Opinión

El gol más feliz

Alba Noguerol

Tal vez sea cierto su verso: “No se debería abandonar una casa: se llena de fantasmas”. Pero allí estábamos arrobados escuchando a Rafael. Su decir lento, como musical, inevitablemente argentino. Ay, sólo un gran poeta de La Plata, sí señor, puede permitirse en medio de su recital poético decir: “Sepan que mi otra gran pasión es mi equipo el Estudiantes de La Plata”. Sonreímos todos y añadió: “Que sepan que mi equipo ha sido campeón del mundo en 1968 contra el Manchester United”.

Rafael, descendiente de estos lares, vino a la búsqueda de sus señas de identidad en el pueblo de Rande. Recitó como una plegaria y sentí un sortilegio: me vi dentro, en el gran barco, 1870, rodeado de aquellos hombres curtidos que se asentaron en las bodegas pensativos, tal vez tristes. Partían hacia Buenos Aires. Créeme, vi entre ellos al mismo hombre que vio el poeta con la rueda de afilar por la calle de La Florida.

Tiempos de hambre. Siempre parten los mejores. Mientras recita, seres espectrales me rodean en la bodega del barco. Son soñadores y valientes. Quién les habrá dicho que allá en otro continente lejano, caminas y dices por ejemplo “manzana”, y la manzana aparece en tu mano. Dices “mujer” y brazos húmedos rodean tu cuello.

Vi un viajero pálido, parecía haber desertado de la Santa Compaña. Allá al fondo, un hombre tocaba la gaita. Se acercó el abuelo de Rafael, con su voz de capitán le ordenó: “Cállate que nos haces llorar”.

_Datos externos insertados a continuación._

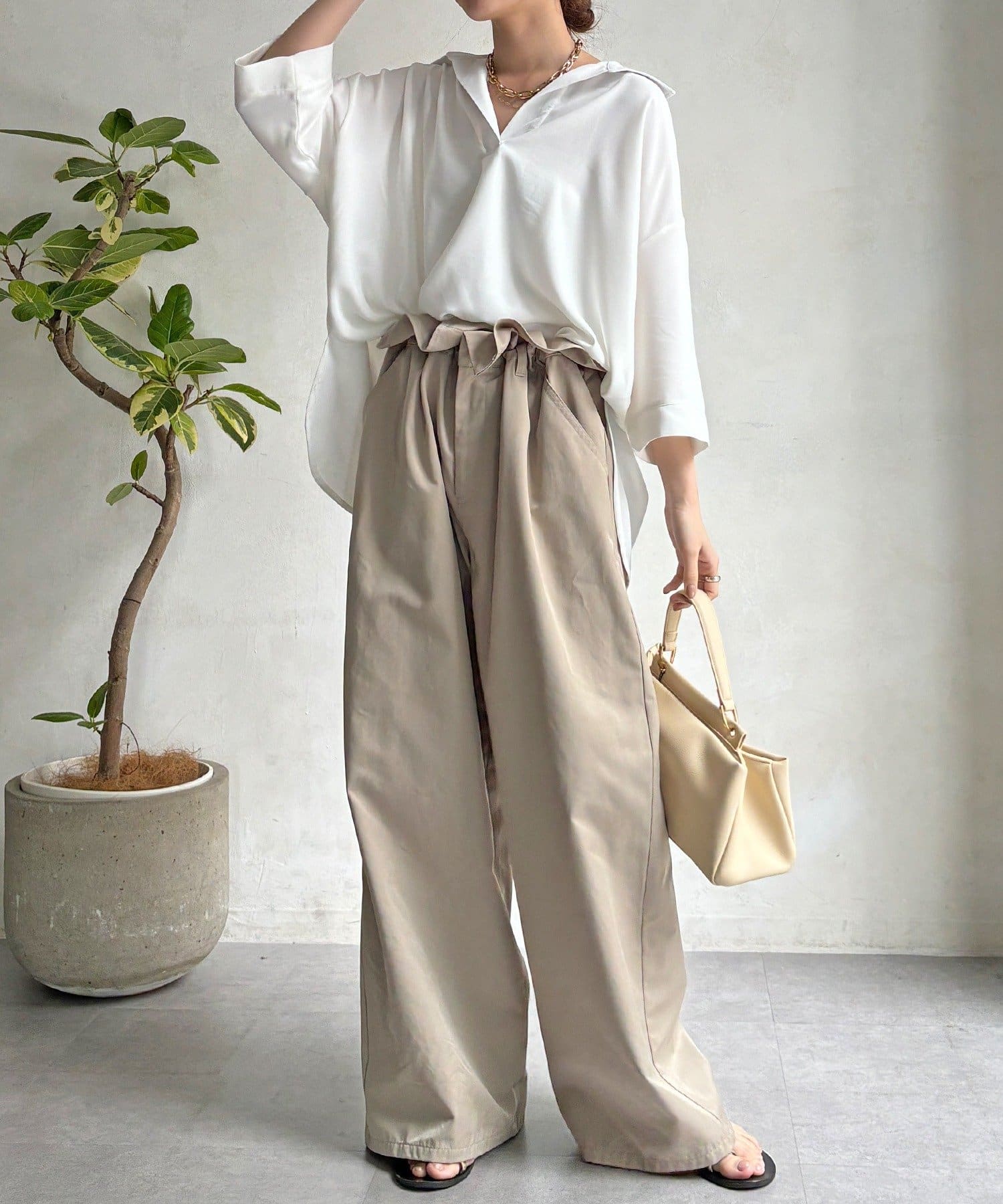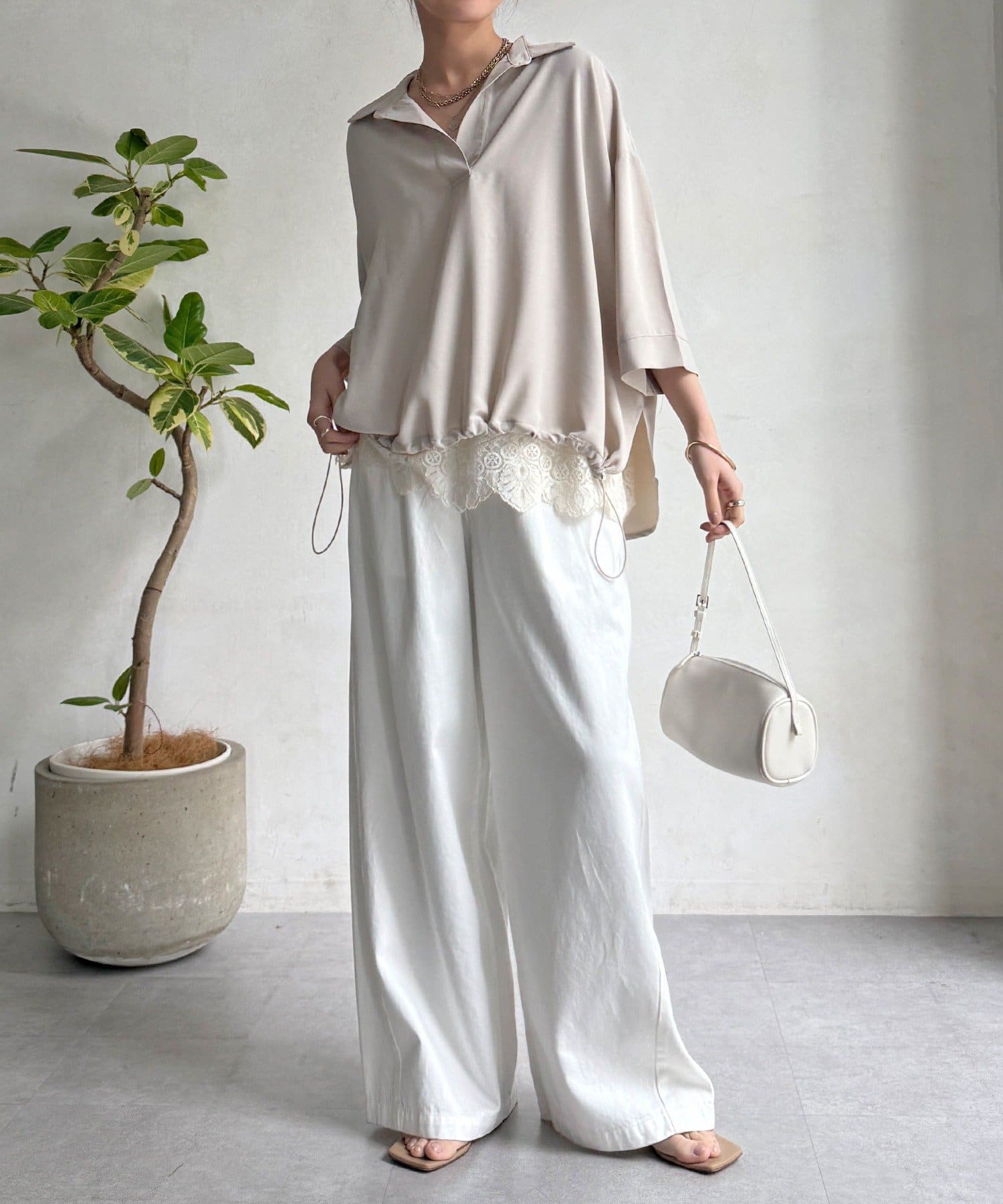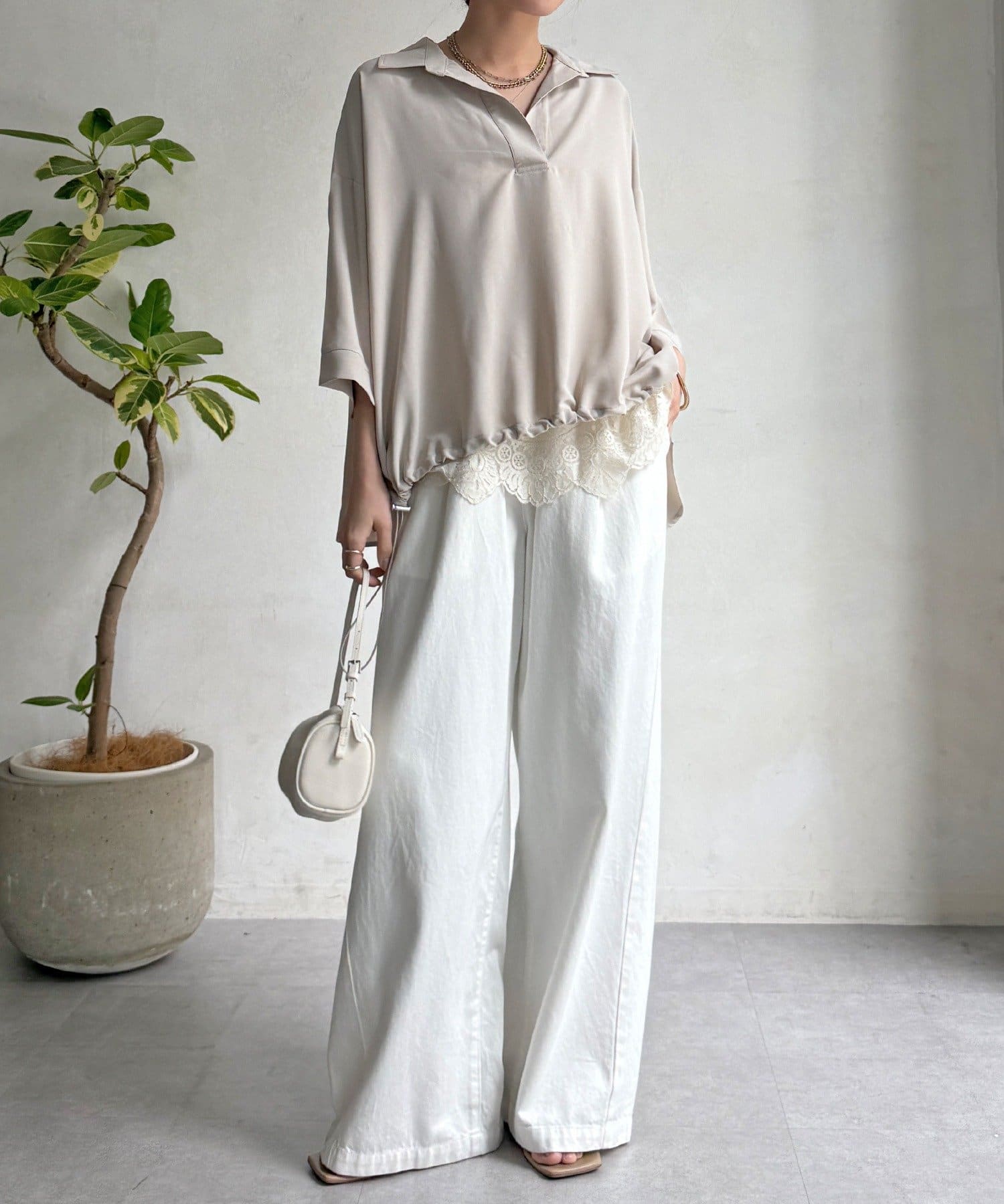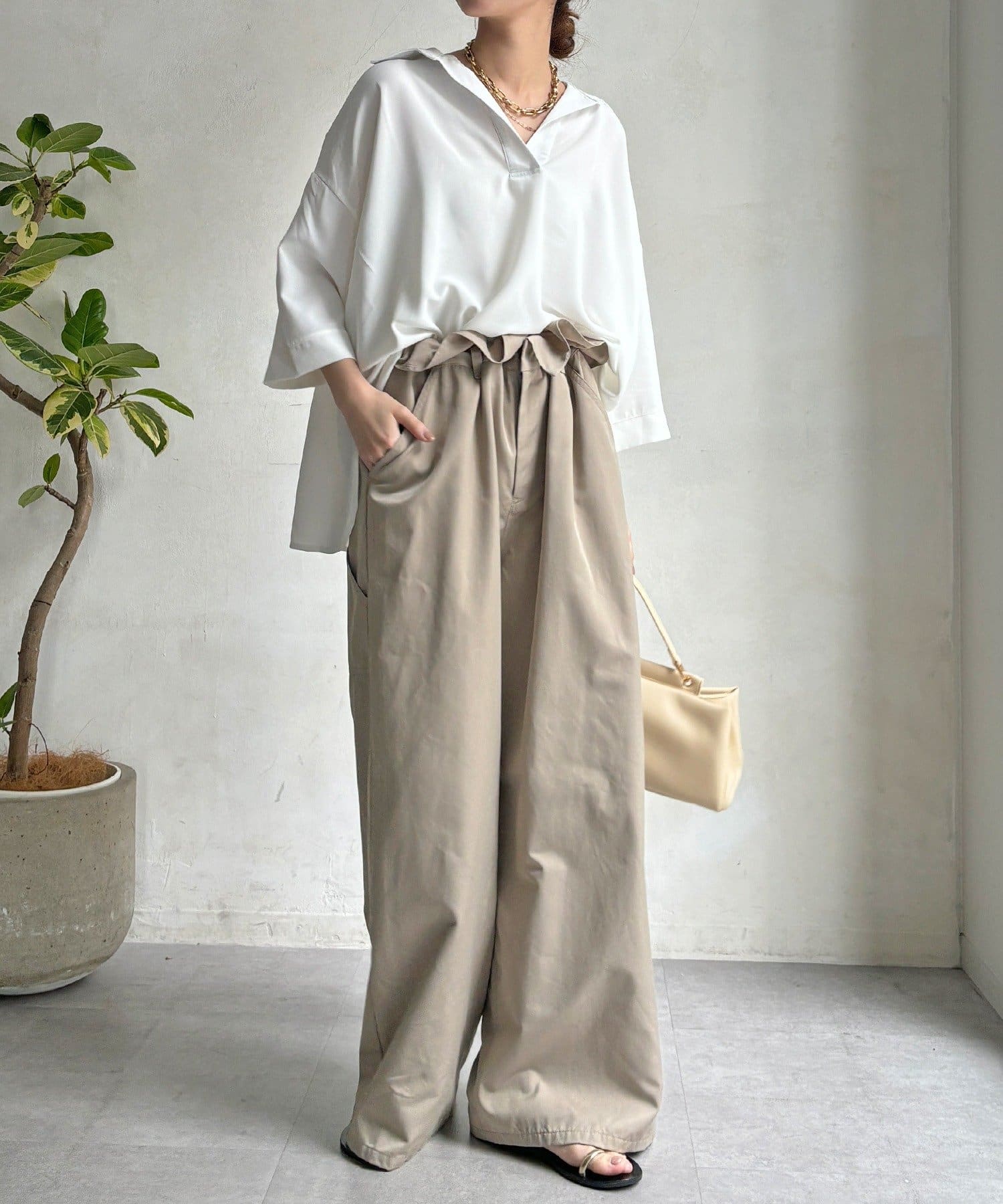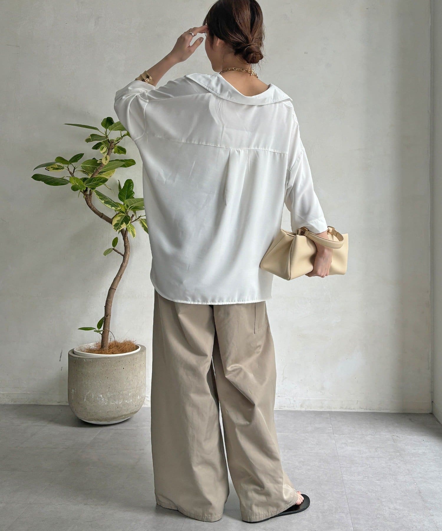 スキッパー襟がお顔周りに程よい抜け感をプラス。

Contemplé a los que los dioses protegían. A los que acompañaba el mal fario. Observé a algunos, pocos: les crecería el dinero en las manos. Regresarían a la aldea con coches aparatosos, traje colonial y altivos. Vi a un tipo que iba a ser estrella de fútbol. También a individuos recios: “Mi patria serán tus brazos, Argentina”.

La magia no se iba. Supe de un hombre que reposaría en una tumba sin nombre. Contemplé al pelotón de los que se enriquecieron, de los que mendigaron y a uno lleno de morriña que se apostó la vida a la ruleta rusa en un tugurio de Rosario. Vi a un tipo que se hizo predicador. Escuché al abuelo de Rafael decir que no temía: “Conozco las señales, donde el río se volverá peligroso, conozco los atajos de los puentes”.

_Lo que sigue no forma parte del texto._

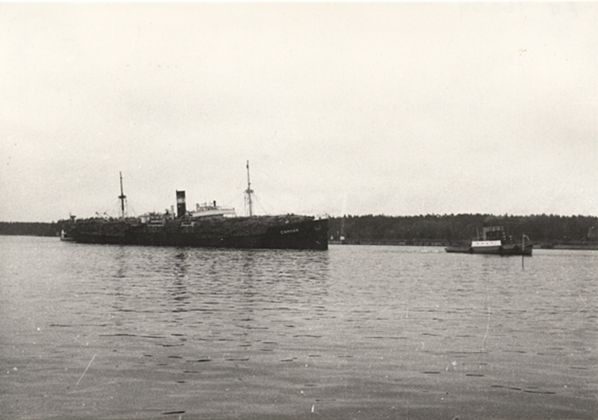 Titel: Ångfartyget CARMAR av Panama på utgång. Observera den stora däckslasten.

Intermitentemente me emocioné al escuchar los versos del poeta: “Ahora soy yo quien no tiene consuelo”. Hubo momentos en que me estremecí. Toda la emigración estaba en aquel verso: “Es como ver lágrimas./ Algo que acaba de caer,/ pero penetra muy hondo, y allí se queda”. 

Sacudí la cabeza, huyeron los espectros, recitaba Rafael Felipe Oteriño: el poeta laureado de La Plata. Vino a la búsqueda de la fuente donde su abuela llenaba su cántaro. Ay, y de la casa que había construido su abuelo, la misma que él volvió a edificar en tierras argentinas.

El destino lo acercó a Maribel, que le dijo: “¿Dónde perdiste la ‘i’ de Outeiriño?” Y le llamó “primo”. Le ayudó a encontrar en Rande los restos y “los muros que hoy se cubren de un musgo espeso”. “Es como ver lágrimas”, dijo el poeta.

No son pocos los que vuelven sólo para ver dónde nacieron los suyos. Recitaba Rafael: “En estas paredes hubo nieve./ Estas ventanas guardaron sus cuerpos más de un invierno./ Esta puerta se abrió a mi paso antes de que naciera./ Esta casa fue mi casa”.

Inevitablemente hablamos de Borges, al que ambos amamos. No me atreví a reñirle: “Como en el maestro, no veo en tus versos huellas de poetas españoles. Están Elliot, Rimbaud, y los ingleses”. Probablemente él se reiría cómplice: “¿Sabes?, Borges solía decir que Lorca era un andaluz profesional”. 

(Cuando se iba le pregunté quién había marcado aquel gol en que La Plata, su ciudad, fue la más feliz del mundo. Me respondió bajo, muy bajo, como viéndolo una vez más: “Fue ‘la Bruja Verón”.